DATA BLOCK
·····

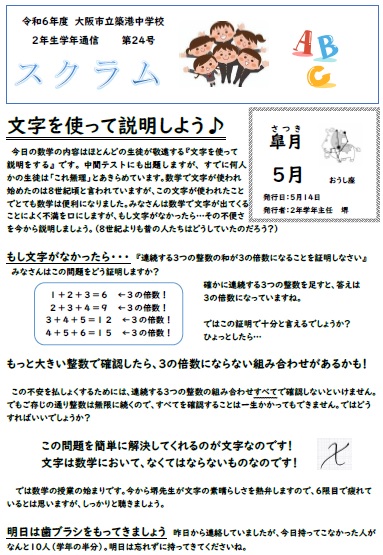 2年生学年通信スクラム第24号は、数学でつかう文字についてです。
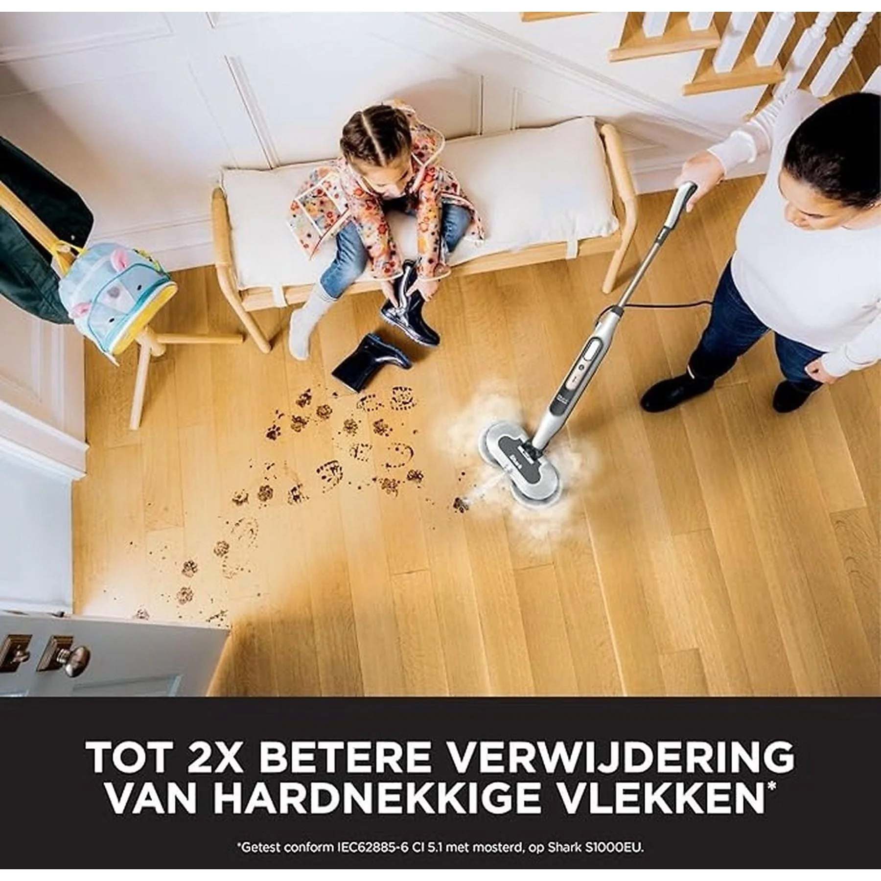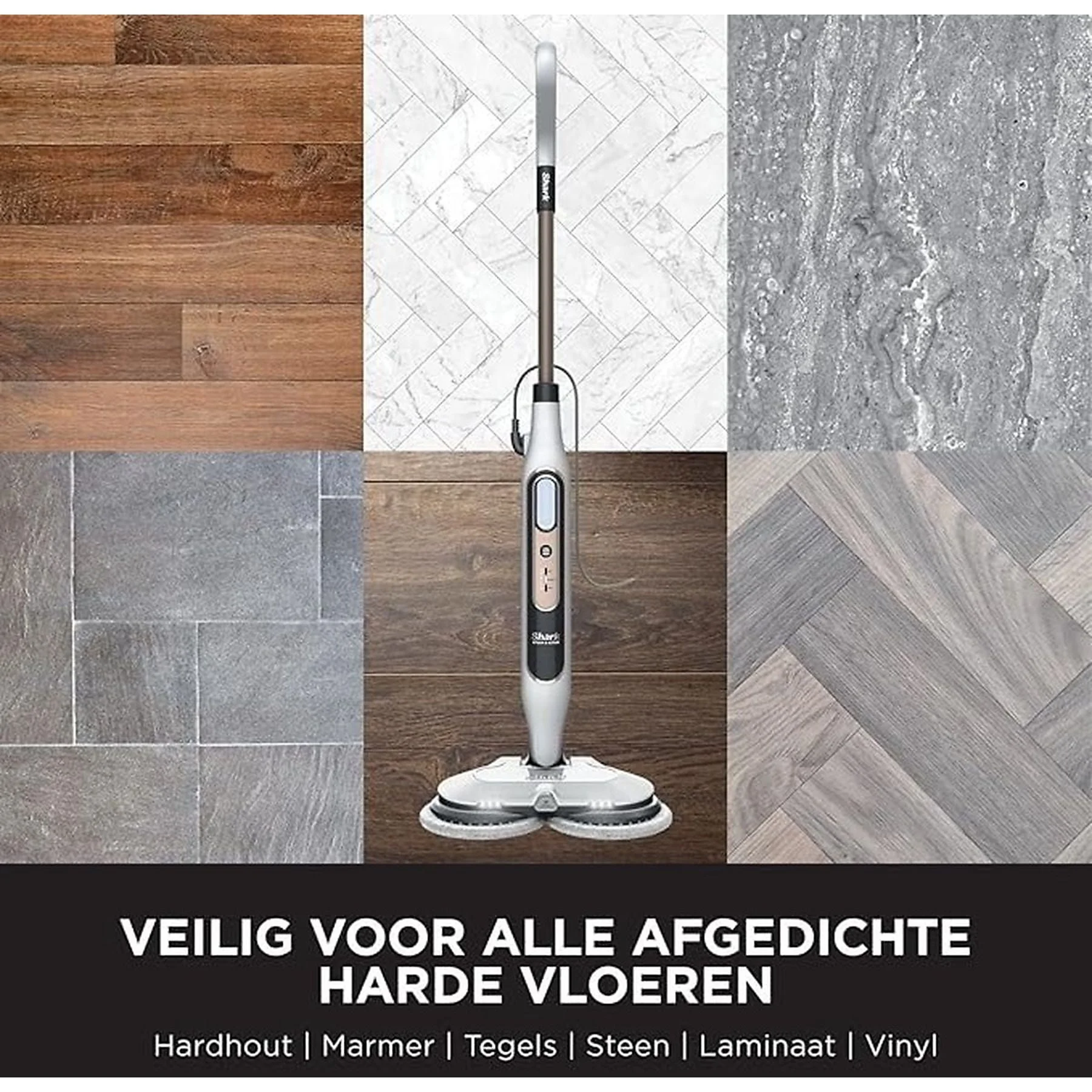 Der Shark Steam & Scrub S8201EU kombiniert leistungsstarken Dampf mit sanftem Schrubben, um versiegelte Hartböden gründlich zu reinigen und zu desinfizieren – ganz ohne Chemikalien. Zwei rotierende Pads arbeiten mit 150 Umdrehungen pro Minute, während gezielte Dampfimpulse hartnäckige Verschmutzungen lösen.
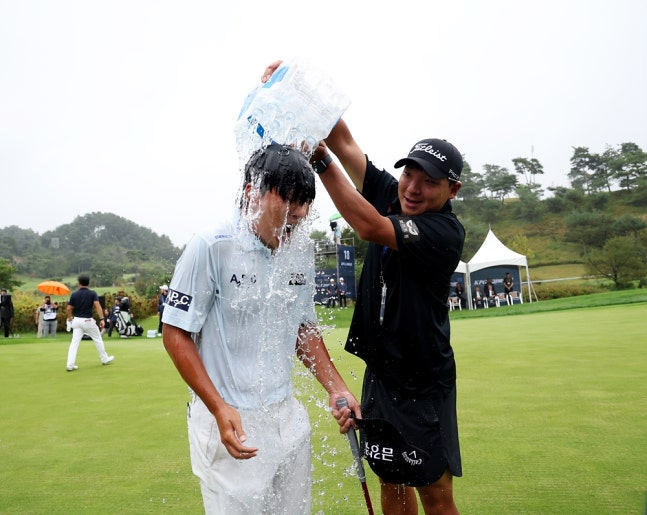 우승 후 물세례를 받는 옥태훈(왼쪽). 사진=KPGA
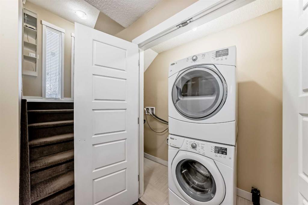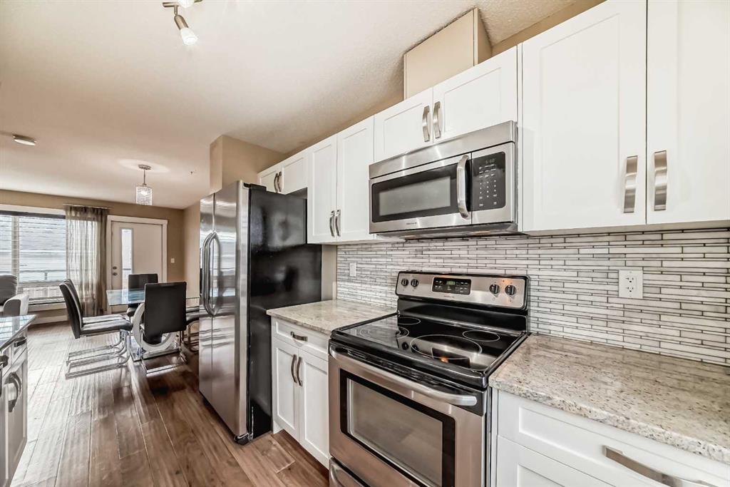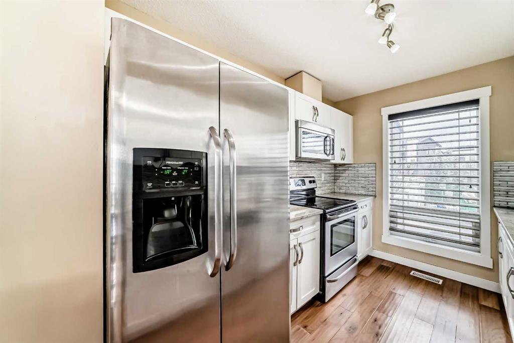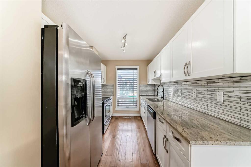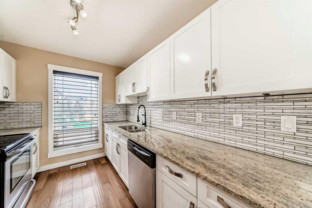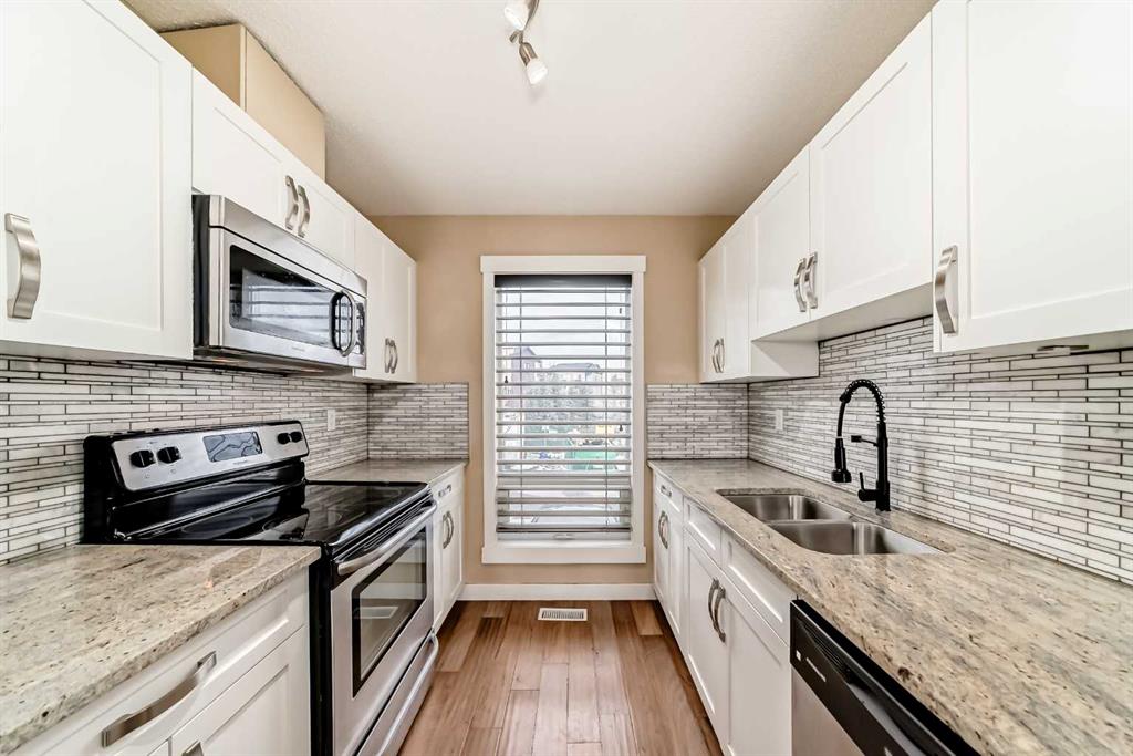 This Modern 2 bed, 2 bath end-unit is located in the highly sought after community of Coventry Hill and comes with a front parking pad. The main level consists of an open plan with sparkling hardwood floors and large windows that bring in tons of natural sunlight. The kitchen offers upgrade S/S appliances, custom cabinets, tiled backsplashes and granite countertops. completing the main level is a good sized dining area plus a large living room with access to a lovely West facing balcony. Upstairs you will find an oversized primary bedroom with a walk-in closet, 4pc ensuite and a 2nd balcony. The lower level consists of a good sized 2nd bedroom, a 3pc bath plus laundry area and extra storage. Located close to schools, parks, City transit, major shopping/restaurants and easy access to main roadways. A must see !!

·····

GOAL OF THE EXERCISE
All the data above is to be transcribed exactly, with no pictures included.

OUTPUT FOR THIS TASK
 2年生学年通信スクラム第24号は、数学でつかう文字についてです。
 Der Shark Steam & Scrub S8201EU kombiniert leistungsstarken Dampf mit sanftem Schrubben, um versiegelte Hartböden gründlich zu reinigen und zu desinfizieren – ganz ohne Chemikalien. Zwei rotierende Pads arbeiten mit 150 Umdrehungen pro Minute, während gezielte Dampfimpulse hartnäckige Verschmutzungen lösen.
 우승 후 물세례를 받는 옥태훈(왼쪽). 사진=KPGA
 This Modern 2 bed, 2 bath end-unit is located in the highly sought after community of Coventry Hill and comes with a front parking pad. The main level consists of an open plan with sparkling hardwood floors and large windows that bring in tons of natural sunlight. The kitchen offers upgrade S/S appliances, custom cabinets, tiled backsplashes and granite countertops. completing the main level is a good sized dining area plus a large living room with access to a lovely West facing balcony. Upstairs you will find an oversized primary bedroom with a walk-in closet, 4pc ensuite and a 2nd balcony. The lower level consists of a good sized 2nd bedroom, a 3pc bath plus laundry area and extra storage. Located close to schools, parks, City transit, major shopping/restaurants and easy access to main roadways. A must see !!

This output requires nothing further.